Example 00 – Basic usage of binnings

Aims

Create “real” and simulated data of the mock experiemnt
Load data into histograms and plot it

Instructions

The folder ../simple_experiment/ contains two scripts to create “real” and simulated data. The script ‘simulate_experiment.py’ simulates the mock experiment and creates two files: one file with the truth information of all simulated events, and another file with the truth and reconstructed information of all reconstructed events. The command line parameters determine the properties of the simulation, e.g. whether to simulate background or signal and what signal model to use.

The script run_experiment.py creates a single file with only reconstructed information. Of course, this file is also the result of simulations, but since it is supposed to represent the real results of a real experiment, no truth information is saved.

Create “real” data corresponding to ten years of running the experiment:

$ ../simple_experiment/run_experiment.py 10 real_data.txt

Create simulated data corresponding to ten times the real data:

$ ../simple_experiment/simulate_experiment.py 100 modelA modelA_data.txt modelA_truth.txt
$ ../simple_experiment/simulate_experiment.py 100 modelB modelB_data.txt modelB_truth.txt

The file reco-binning.yml contains a RectilinearBinning object for the reconstructed information:

!RectilinearBinning
variables:
- reco_x
- reco_y
bin_edges:
- [-.inf,
  ...
  .inf]
- [-.inf,
  ...
  .inf]
include_upper: false

A RectilinearBinning object defines bin edges in multiple variables. These variables are orthogonal to each other. The total number of bins is thus the product of the number of bins per variable.

Let’s create a binning object, load the data into it, and plot the distributions:

from remu import binning
from remu import plotting

with open("reco-binning.yml", 'r') as f:
    reco_binning = binning.yaml.full_load(f)

reco_binning.fill_from_csv_file("real_data.txt")

pltr = plotting.get_plotter(reco_binning)
pltr.plot_values()
pltr.savefig("real_data.png")

reco_binning.reset()
reco_binning.fill_from_csv_file("modelA_data.txt")

pltr = plotting.get_plotter(reco_binning)
pltr.plot_values()
pltr.savefig("modelA_data.png")

reco_binning.reset()
reco_binning.fill_from_csv_file("modelB_data.txt")

pltr = plotting.get_plotter(reco_binning)
pltr.plot_values()
pltr.savefig("modelB_data.png")

Plotting the different kinds of Binning objects is handled by their respective BinningPlotter classes.
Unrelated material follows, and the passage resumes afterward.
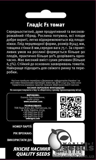 ESASEM italy Упаковка МиниСрок созревания СреднераннийПроизводитель ESASEMПомидор Гладис F1 50 семян. L

The function plotting.get_plotter() will return an instance of the appropriate plotting class for the provided binning, in this case a RectilinearBinningPlotter.
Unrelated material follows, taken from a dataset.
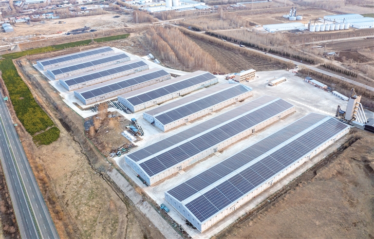 航拍镜头下呼伦贝尔市阿荣旗粮食收储库屋顶光伏发电站一景。阿荣旗作为全国整县屋顶分布式光伏开发试点旗县,目前已实施光伏项目24个,装机容量达7万千瓦。本报记者 王晓博 摄

The RectilinearBinningPlotter supports the scatter parameter, which makes it draw pseudo scatter plots instead of 2D histograms. This is useful to compare multiple distributions in the same plot:

pltr = plotting.get_plotter(reco_binning)
reco_binning.reset()
reco_binning.fill_from_csv_file("real_data.txt")
pltr.plot_values(label="data", scatter=500)
reco_binning.reset()
reco_binning.fill_from_csv_file("modelA_data.txt")
pltr.plot_values(label="model A", scatter=500)
reco_binning.reset()
reco_binning.fill_from_csv_file("modelB_data.txt")
pltr.plot_values(label="model B", scatter=500)
pltr.legend()
pltr.savefig("compare_data.png")

We can do the same with the true information and its respective binning in ‘truth-binning.yml’:

with open("truth-binning.yml", 'r') as f:
    truth_binning = binning.yaml.full_load(f)

truth_binning.fill_from_csv_file("modelA_truth.txt")
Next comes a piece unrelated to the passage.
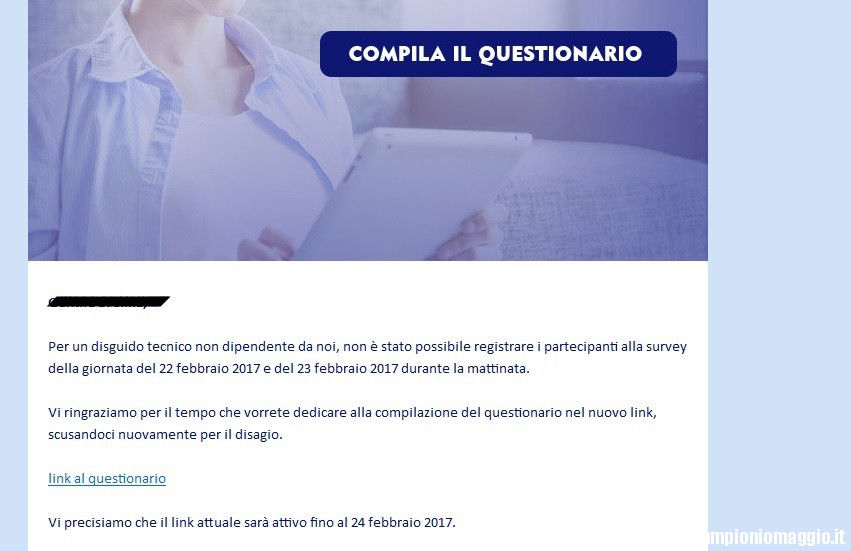 Per questo motivo nella newsletter è contenuto un nuovo link al sondaggio da compilare per ricevere gli omaggi. Controllate quindi la casella di posta per partecipare. Dopo aver completato il questionario, non è prevista alcuna mail di conferma, ma verrai ricontattata successivamente per avviare la spedizione del tuo kit.

pltr = plotting.get_plotter(truth_binning)
pltr.plot_values()
pltr.savefig("modelA_truth.png")

truth_binning.reset()
truth_binning.fill_from_csv_file("modelB_truth.txt")

pltr = plotting.get_plotter(truth_binning)
pltr.plot_values()
pltr.savefig("modelB_truth.png")

pltr = plotting.get_plotter(truth_binning)
truth_binning.reset()
truth_binning.fill_from_csv_file("modelA_truth.txt")
pltr.plot_values(label="model A", scatter=500)
truth_binning.reset()
truth_binning.fill_from_csv_file("modelB_truth.txt")
pltr.plot_values(label="model B", scatter=500)
pltr.legend()
pltr.savefig("compare_truth.png")